__Task to carry out__: In the listing below, a line holding "夜幕中的岳阳楼,灯光绚丽,民" and a line holding "OBS! Fjernlager. Levering" mark the range. Retype both exactly, with all lines between them.

__Entries supplied__:
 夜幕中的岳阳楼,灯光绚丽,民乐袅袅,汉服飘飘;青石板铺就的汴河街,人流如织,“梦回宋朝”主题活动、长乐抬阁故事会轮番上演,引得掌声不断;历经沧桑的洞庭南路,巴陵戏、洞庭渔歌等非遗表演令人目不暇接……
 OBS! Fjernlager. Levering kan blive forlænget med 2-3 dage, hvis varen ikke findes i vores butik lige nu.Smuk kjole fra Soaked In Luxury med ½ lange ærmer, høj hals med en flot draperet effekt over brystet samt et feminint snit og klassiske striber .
---
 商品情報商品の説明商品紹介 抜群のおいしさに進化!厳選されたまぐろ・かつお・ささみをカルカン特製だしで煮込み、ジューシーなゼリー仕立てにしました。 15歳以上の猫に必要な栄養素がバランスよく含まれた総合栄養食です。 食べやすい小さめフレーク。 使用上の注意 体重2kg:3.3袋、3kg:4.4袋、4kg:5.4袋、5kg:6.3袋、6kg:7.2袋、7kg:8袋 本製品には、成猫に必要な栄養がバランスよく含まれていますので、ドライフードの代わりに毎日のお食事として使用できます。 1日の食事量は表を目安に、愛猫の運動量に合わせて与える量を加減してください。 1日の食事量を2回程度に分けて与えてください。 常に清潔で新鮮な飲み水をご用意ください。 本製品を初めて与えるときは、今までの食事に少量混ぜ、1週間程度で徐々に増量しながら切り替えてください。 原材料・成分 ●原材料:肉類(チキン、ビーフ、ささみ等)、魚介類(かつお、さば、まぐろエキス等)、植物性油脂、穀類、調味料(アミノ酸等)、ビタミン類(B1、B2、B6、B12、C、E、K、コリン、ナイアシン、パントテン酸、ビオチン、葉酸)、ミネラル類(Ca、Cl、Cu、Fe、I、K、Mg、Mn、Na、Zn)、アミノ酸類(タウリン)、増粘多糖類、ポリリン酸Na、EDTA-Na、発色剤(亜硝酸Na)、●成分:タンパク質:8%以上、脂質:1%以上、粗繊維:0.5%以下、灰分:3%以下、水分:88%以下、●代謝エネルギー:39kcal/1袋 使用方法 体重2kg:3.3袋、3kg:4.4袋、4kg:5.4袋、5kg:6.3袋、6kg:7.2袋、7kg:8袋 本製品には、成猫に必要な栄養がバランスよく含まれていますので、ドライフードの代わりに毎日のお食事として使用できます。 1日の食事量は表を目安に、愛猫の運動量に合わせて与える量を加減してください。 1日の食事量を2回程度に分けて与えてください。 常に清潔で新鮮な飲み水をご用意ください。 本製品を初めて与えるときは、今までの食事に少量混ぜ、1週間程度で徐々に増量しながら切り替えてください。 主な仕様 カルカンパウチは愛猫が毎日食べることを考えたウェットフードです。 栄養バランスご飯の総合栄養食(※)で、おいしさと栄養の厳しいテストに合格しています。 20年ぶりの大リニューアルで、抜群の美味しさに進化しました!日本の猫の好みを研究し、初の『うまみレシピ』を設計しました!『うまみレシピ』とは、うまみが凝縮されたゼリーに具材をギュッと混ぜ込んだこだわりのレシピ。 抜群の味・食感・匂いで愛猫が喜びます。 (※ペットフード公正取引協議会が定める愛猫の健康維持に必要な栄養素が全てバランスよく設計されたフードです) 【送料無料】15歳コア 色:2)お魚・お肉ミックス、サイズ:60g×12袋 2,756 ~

__Answer space__:
 夜幕中的岳阳楼,灯光绚丽,民乐袅袅,汉服飘飘;青石板铺就的汴河街,人流如织,“梦回宋朝”主题活动、长乐抬阁故事会轮番上演,引得掌声不断;历经沧桑的洞庭南路,巴陵戏、洞庭渔歌等非遗表演令人目不暇接……
 OBS! Fjernlager. Levering kan blive forlænget med 2-3 dage, hvis varen ikke findes i vores butik lige nu.Smuk kjole fra Soaked In Luxury med ½ lange ærmer, høj hals med en flot draperet effekt over brystet samt et feminint snit og klassiske striber .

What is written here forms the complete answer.